There are two things that endanger the balance of Bob's world: women and gambling. The film's underworld is essentially a male universe. Women are by nature not to be trusted, and the two principal ones in the film act as the main catalysts of trouble. Anne (Isabelle Corey), an aimless young woman who, as the narrator wryly comments, is "very advanced for her age," is an example of the threat. To protect her from pimps, Bob takes her in, but she is dangerously at odds with Bob's world. She is voluptuous, innocent and lacks an established moral order--essentially undefined in a world where order seems to make all the difference.
COMPULSIVE GAMBLING is Bob's other chief bane, which similarly threatens to send him reeling unpredictably. He has a slot machine stashed in his closet. Behind his eyes always lurks the image of a gamble, regardless of whether it is a sure thing or a long shot. His firm sense of style and order gives him mastery and status, but it's the danger of the game--the inherent risk in even the smallest throw of the dice--that actually keeps him alive. Watching a horse race, or hunched over a craps table. Bob's eyes narrow in intense concentration and his stolid middle-aged body coils up youthfully like a spring. The ostensible plot of the film, the heist of the Deauville Casino, that Bob undertakes with his friend Roger (Andre Garet), is at once Bob's ironic revenge on Lady Luck--and a gamble itself, as the delightful denouement reveals.

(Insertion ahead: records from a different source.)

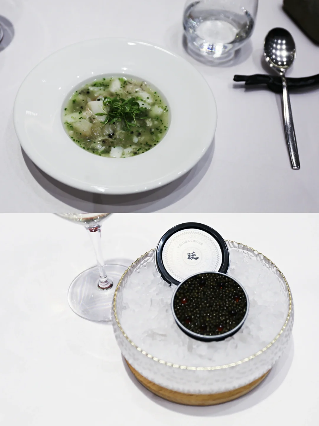 丰富西伯利亚鱼子酱覆盖着潮汕卤水鹅肝,一勺入口,鱼子酱的鲜味与浓郁的鹅肝香一同在口中溶化,再配上一口香槟,各种不同的味觉仿佛在舌尖玩捉迷藏,想扑捉它又转瞬即逝,迫不及待的想再试一口。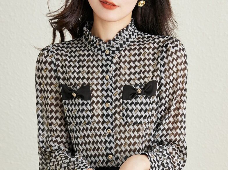 秋 エレガント 上品 オールマッチ トップ女性 千鳥格子 ちょう結び デザイン スカート シフォン シャツ ブラック M L XL XXL トップス 袖あり かわいい 大人可愛い きれいめ シンプル カジュアル 大人 上品 おしゃれ お洒落 大人可愛い 大人女子 キュート 春 夏 秋 10代 20代 30代 レディース 女性用 女の子 通勤 学生 通学 デート お出かけ 女子会 お泊まり 休日 パーティー イベント 旅行 普段使い ファッション コーデ スタイル インスタ映え
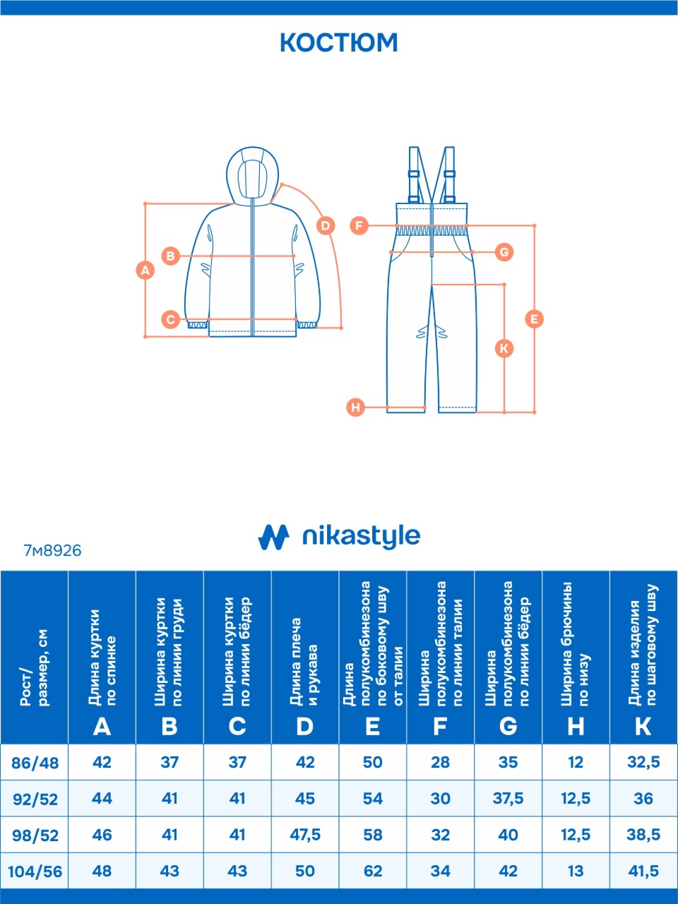 Размеры (куртка+комбинезон) —104-56

The wonderful cinematography serves as a visual stylization of Bob's world, containing as it does echoes of film noir as well as its own peculiar vision of Paris in the '50s. One of the most memorable shots is of the contrast in the still landscape of Montmartre at night. In the pitch black lower part of the frame only the sharply etched neon nightclub sign. "Pigalle," stands out, while above the dome of the Sacre Coeur cathedral is silhouetted against the mist. The music reinforces the fundamental contrast inherent in the film. It is magically distant and redolent of both jazz and the French music hall. The only part of the film that unfortunately remains on the other side of the Atlantic is the salty Parisian dialogue, which the subtitles can only approximate.
This does not detract from Bob le Flambeur--one director's delightful tribute to a city, a way of life, and the grand tradition of American movies.